(Bloomberg) -- A judge’s ruling that Apple Inc.’s dominance of the market for mobile apps doesn’t violate U.S. antitrust law was based on a faulty analysis and should be reversed, 35 states said in a court filing.
The bipartisan group of attorneys general filed arguments Thursday backing Epic Games Inc.’s appeal of a September ruling that left the iPhone maker’s lucrative App Store business model largely intact. The maker of the popular Fortnite game also picked up support from 38 law, economics and business professors, a consumer advocacy group, a cyber-civil liberties organization and Microsoft Corp.
The U.S. Justice Department also weighed in to say the ruling was flawed while declining to take a position on the merits of Epic’s dispute with Apple.
Apple faces a number of antitrust lawsuits in and outside the U.S. seeking to open up the App Store to competition. Apple is also contending with monopolization enforcement investigations brought by federal and state agencies, and legislative bids to restrict its business practices.
“We’re optimistic that the ruling will be affirmed on appeal, and that Epic’s challenge will fail,” an Apple spokesperson said in statement. “We remain committed to ensuring the App Store is a safe and trusted marketplace for consumers and a great opportunity for developers.”
Following a trial in May, U.S. District Judge Yvonne Gonzalez Rogers in Oakland, California, mostly sided with Apple, turning away Epic’s claims that the App Store is run like a monopoly. She rejected the need for third-party app stores and didn’t force Apple to lower the store fees it charges to app developers.
In Thursday’s filing, the states said Gonzalez Rogers’ ruling that Apple lacked monopoly power isn’t consistent with antitrust law and failed to properly weigh the effects of Apple’s conduct that thwarts and supports competition.

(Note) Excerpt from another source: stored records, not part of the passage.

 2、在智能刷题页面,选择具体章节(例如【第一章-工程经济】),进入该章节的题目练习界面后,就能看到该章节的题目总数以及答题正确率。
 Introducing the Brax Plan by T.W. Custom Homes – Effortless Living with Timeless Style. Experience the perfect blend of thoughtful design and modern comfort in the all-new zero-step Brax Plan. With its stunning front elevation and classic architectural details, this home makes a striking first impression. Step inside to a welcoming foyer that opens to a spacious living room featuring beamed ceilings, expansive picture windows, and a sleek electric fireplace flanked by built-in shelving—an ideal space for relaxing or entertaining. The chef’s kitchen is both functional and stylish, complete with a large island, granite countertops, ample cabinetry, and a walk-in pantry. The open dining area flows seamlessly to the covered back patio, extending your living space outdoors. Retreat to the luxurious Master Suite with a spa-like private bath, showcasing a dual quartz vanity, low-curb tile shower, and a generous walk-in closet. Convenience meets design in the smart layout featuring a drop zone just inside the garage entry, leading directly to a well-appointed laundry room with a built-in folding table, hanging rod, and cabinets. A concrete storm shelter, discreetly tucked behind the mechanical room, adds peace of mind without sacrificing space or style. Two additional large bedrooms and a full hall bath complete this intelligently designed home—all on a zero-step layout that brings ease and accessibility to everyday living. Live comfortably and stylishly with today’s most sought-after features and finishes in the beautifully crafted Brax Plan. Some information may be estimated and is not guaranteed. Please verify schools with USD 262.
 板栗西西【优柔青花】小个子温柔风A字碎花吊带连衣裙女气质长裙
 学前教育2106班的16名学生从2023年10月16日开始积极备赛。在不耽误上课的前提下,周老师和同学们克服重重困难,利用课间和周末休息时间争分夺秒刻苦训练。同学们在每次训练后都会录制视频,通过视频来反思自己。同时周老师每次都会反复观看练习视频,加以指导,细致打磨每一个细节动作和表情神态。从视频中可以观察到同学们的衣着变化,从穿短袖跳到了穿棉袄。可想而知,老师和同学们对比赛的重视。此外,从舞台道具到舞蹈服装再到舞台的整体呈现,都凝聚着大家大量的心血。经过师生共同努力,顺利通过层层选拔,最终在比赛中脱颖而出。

“As Epic points out, Apple amassed billions in supracompetitive profits from one billion iPhone users,” the attorneys general said. “Without balancing, this type of immense harm to consumers can go unanswered with just the slightest showing of procompetitive benefit.”
The Justice Department said in its filing that two provisions of the Sherman Act, a central pillar of federal antitrust law, were misapplied by the judge “in ways that would leave many anticompetitive agreements and practices outside their protections.”
“The district court committed several legal errors that could imperil effective antitrust enforcement, especially in the digital economy,” according to the filing.